Children’s book day: experts defend inclusive works

Not all stories start with the “once upon a time”. Each story is unique and thus fits the plural. In the plural, Joanna de Paoli, 37, a professor of chemistry in Brasília, who has also become a researcher on the theme of inclusion and special education, understands well. The biggest lesson of her life came from her own home, after her son was diagnosed with this condition. Teacher, researcher, mother, she taught the boy, now 15 years old, that reading and books could be good companions.

“He’s always clinging to the books he likes every day”, testifies his mother. In the family history, like the books, real life made the researcher dive into other landscapes. “My son gave me an opportunity to experience another world. My son’s autism showed me that the difficulty in communication and socialization is not just autism. On the contrary, it is for society to communicate with him, and for everyone to communicate with each other”.

The researcher argues that the inclusion of people with disabilities, with autism or any other specific need, has the perspective of having access to culture in its fullest form.

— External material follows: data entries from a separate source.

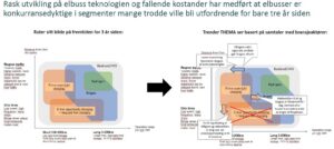Resultater viser at det er relativt liten forskjell i kostnadene mellom busser på el og biogass. Biogass kommer best ut på busser som ikke skal kjøre så mye pga. lave investeringskostnader. El kommer best ut på busser som skal kjøre mye pga. lave drivstoffkostnader. Det forutsetter imidlertid at investeringer i ladeinfrastruktur for elbusser tilbakebetales over betydelig lengre tid enn kontraktperioden for busselskapet.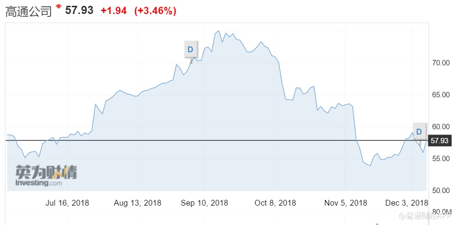 高通盘前涨超3%,苹果则开盘大跌逾3%。截至发稿,高通涨3.46%,苹果跌1.55%。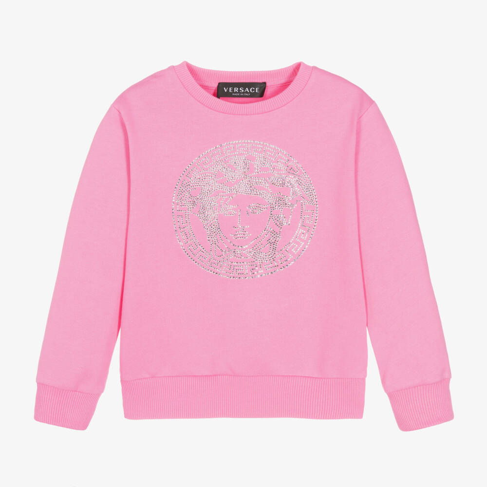 Girls bright pink luxury sweatshirt by Versace, made in comfortable cotton jersey. The front features a sparkly crystal Medusa head logo creating a sophisticated designer finish. The crew neckline, cuffs and hem are ribbed and stretchy.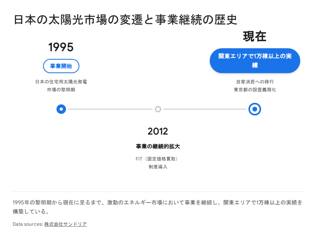 A. 株式会社サンドリアの最大の強みは、1995年という国内における太陽光発電の黎明期から事業を継続している点にあります。設置業者の入れ替わりが激しいこの業界において、30年近い歴史があることは、倒産リスクの低さや長期的な保証の履行能力を裏付ける極めて重要な指標です。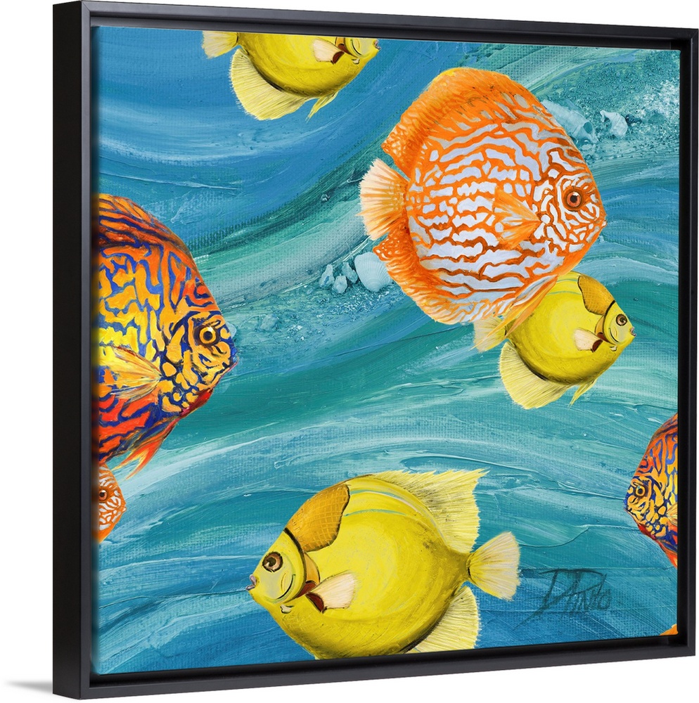 <p>Decorative artwork of a group of tropical fish in yellow and orange.</p>

And that includes literature. “Literature also needs to be made by people with disabilities, about people with disabilities and be accessible to these people”.

After all, literature is made of imagination. Therefore, according to the researcher, it is better that children have access to the pages of a book as soon as possible. “Where your horizon expands, the sooner you start reading to children and they seek new meanings about the world (whether they have a disability or not), the greater opportunities that person will have to expand their life experiences”. This includes creating affective bonds, organizing emotions, thinking about and respecting the differences that exist between each of us.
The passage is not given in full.